I'm not suggesting that these things don't work, it's just there are easier (and often more reliable) ways of achieving the same thing.
 
the WV approach is for non-stationary signals, the cepestrum is specific to cases where multipath is involved not noise or non-stationarity, agree with GL finding that the benefits in the case of noisey data are marginal
 
Everybody probably already has a paper copy of this -
The claimed insensitivity to sensor location sounded interesting to me when doing PDm routes with my mag mount accelerometer, but gearboxes are such cranky sammiches that I soon decided the tools should be oil analysis was 75%, and vibration analysis 25% on them.
 
Thank you. The collective wisdom of the NVH community has voted cepstrum off the island.
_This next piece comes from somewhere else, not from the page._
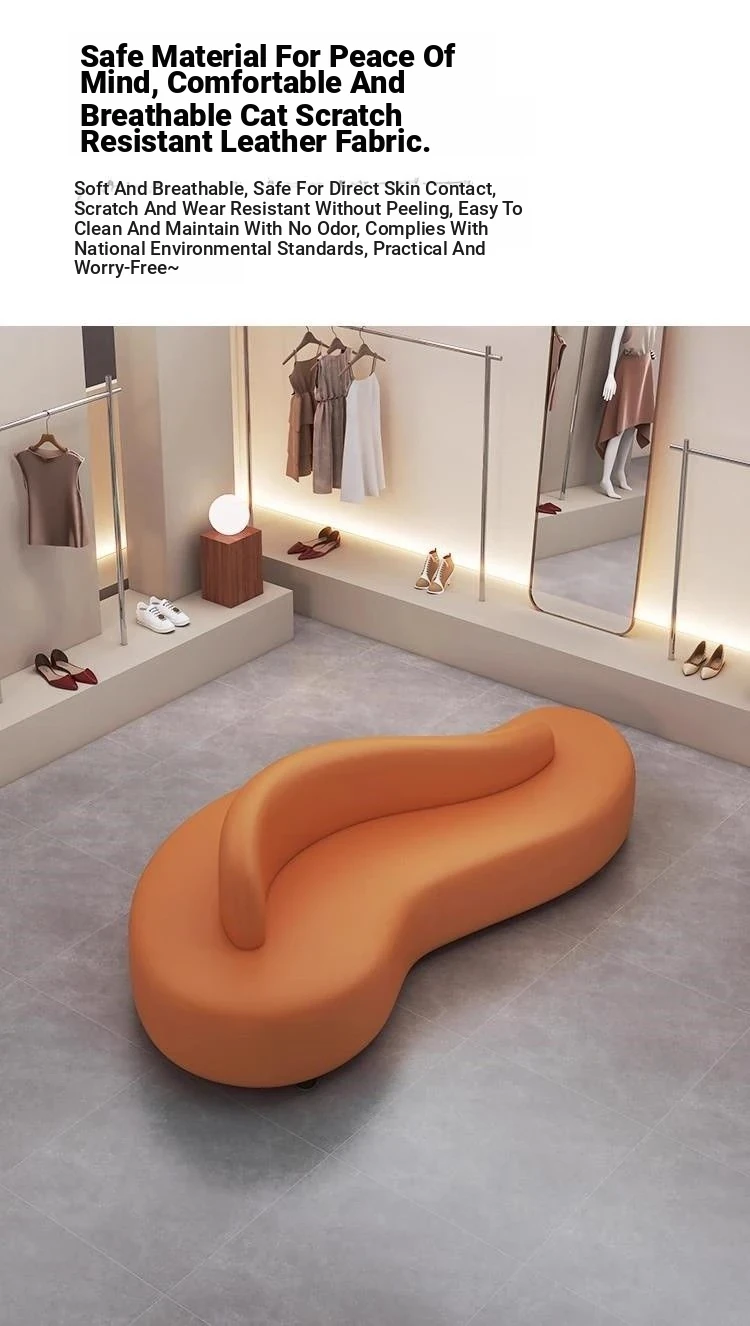 Luxury Designer Double-Sided Curved Sofa for Fashion Stores and Beauty Salons - No-Clean Cat Paw Leather Sofa for Reception and Relaxation Areas
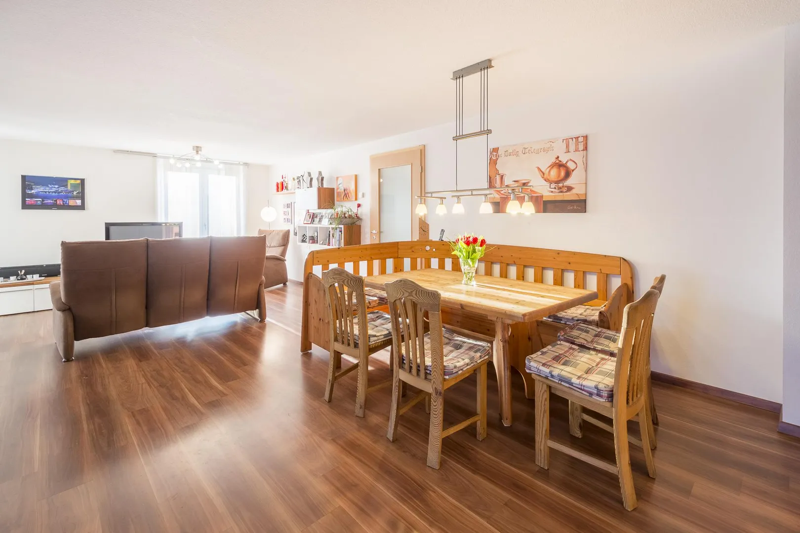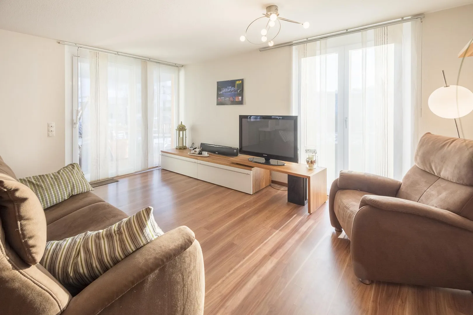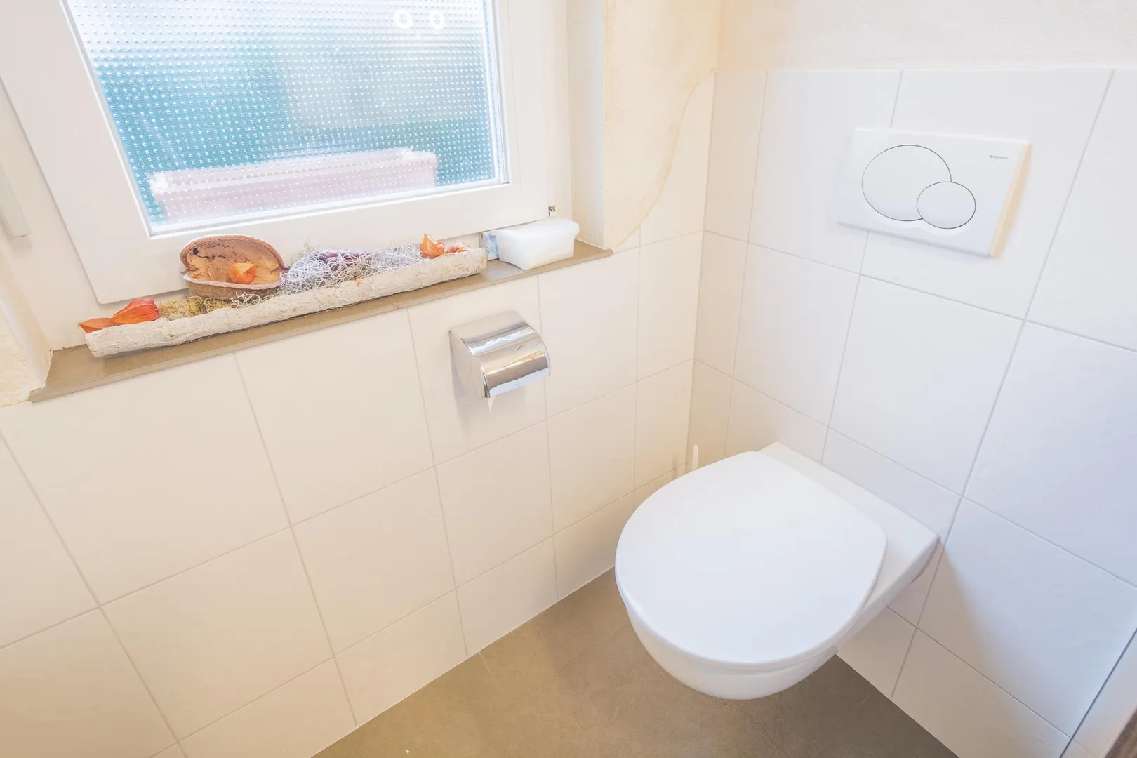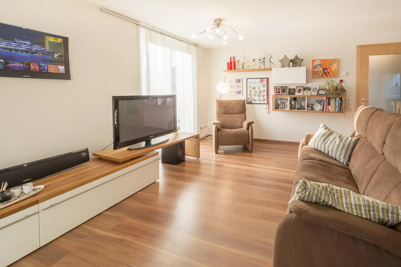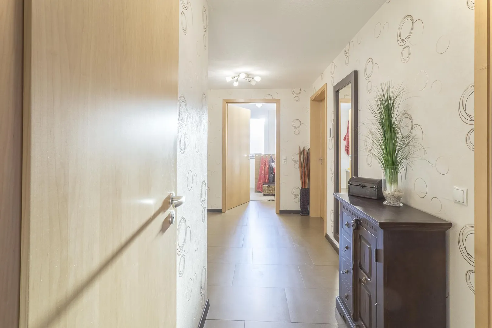 Die Böden in den Zimmern sind mit Laminat ausgestattet. Die Böden im Flur, im Küchenbereich, im Badezimmer und im separaten WC sind gefliest.

By the by the speech analysis boys call a very similar but totally different analysis cepstrum, they take the IFFT of the log of the magnitude of the orignal FFT, turning it back into the time domain. Matlab seems to offer both options but you need to read the documentation of their various functions carefully.

Cheers

Greg Locock


New here? Try reading these, they might help FAQ731-376
 
Suppose your signal has a lot of harmonics. These harmonics give a sort of periodicity to the spectrum. When you gonna apply the log function to this spectrum, then the shape of the signal looks almost like a sinus function or a triangular function.
Then when you will apply again the FFT, you will obtain frequencies that correspond the periodicity of your original signal.